+++ SUPPLIED DATA +++

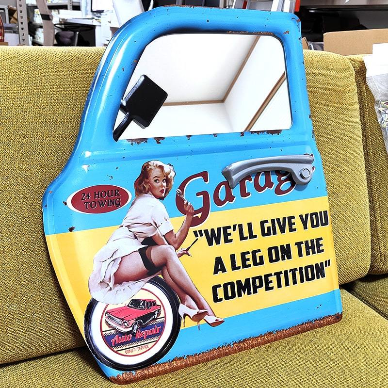 | 商品説明 | 【カー ドアミラー看板 GARAGE Girl】 車のドアを外してきたようなデザインで、インパクトの大のウォールミラーです。 錆びているように見えるビンテージ加工が、レトロ感のある仕上がり。 取っ手の部分も立体的になっており、車のドアが細かく再現されています! 裏面には壁掛け用フックがついており、簡単に飾ることができます。 壁に取り付けなくても、机の上等に立てかけておくだけでオシャレです。 お店やお部屋のアクセントに是非にいかがでしょうか? |
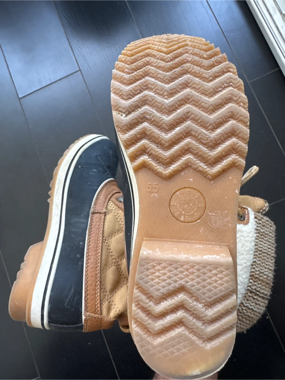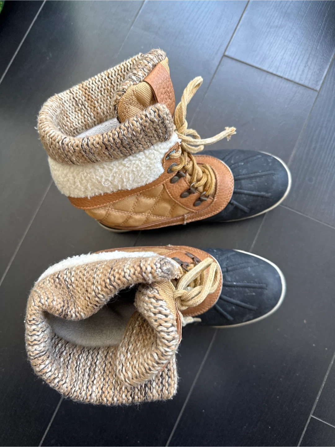 Warm winter boots featuring a quilted tan shaft and a waterproof rubber lower. They have a cozy sherpa-lined collar and a grippy sole. Size is 5.5
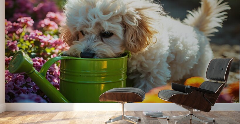The white poodle puppy sits contentedly beside the now-tipped watering can looking pleased with its adventure small water droplets glistening on its curly fur around the face area. Digital Artwork.
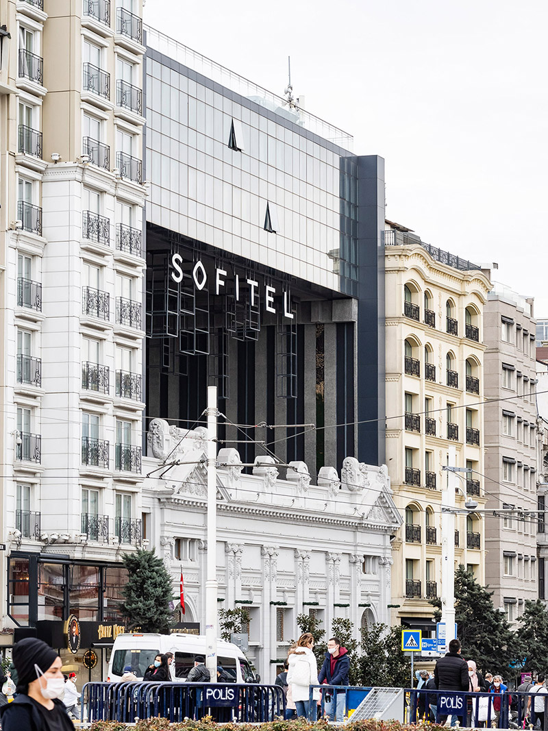 Taksim Sahnesi yanındaki Maksim Gazinosu ile birlikte alışveriş merkezi yapılmak üzere yıkılır ve yerine otel yapılmaya başlanır ve AKM kapanır. (Fotoğraf: Orhan Cem Çetin) (Görsel açıklama: Taksim Sahnesi yerine Sofitel İstanbul Oteli, 2021)

+++

→ **WHAT THIS TASK INVOLVES**: Reproduce the data above without a single change, please, but without its pictures.

→ **RESULT BELOW**:
 | 商品説明 | 【カー ドアミラー看板 GARAGE Girl】 車のドアを外してきたようなデザインで、インパクトの大のウォールミラーです。 錆びているように見えるビンテージ加工が、レトロ感のある仕上がり。 取っ手の部分も立体的になっており、車のドアが細かく再現されています! 裏面には壁掛け用フックがついており、簡単に飾ることができます。 壁に取り付けなくても、机の上等に立てかけておくだけでオシャレです。 お店やお部屋のアクセントに是非にいかがでしょうか? |
 Warm winter boots featuring a quilted tan shaft and a waterproof rubber lower. They have a cozy sherpa-lined collar and a grippy sole. Size is 5.5
The white poodle puppy sits contentedly beside the now-tipped watering can looking pleased with its adventure small water droplets glistening on its curly fur around the face area. Digital Artwork.
 Taksim Sahnesi yanındaki Maksim Gazinosu ile birlikte alışveriş merkezi yapılmak üzere yıkılır ve yerine otel yapılmaya başlanır ve AKM kapanır. (Fotoğraf: Orhan Cem Çetin) (Görsel açıklama: Taksim Sahnesi yerine Sofitel İstanbul Oteli, 2021)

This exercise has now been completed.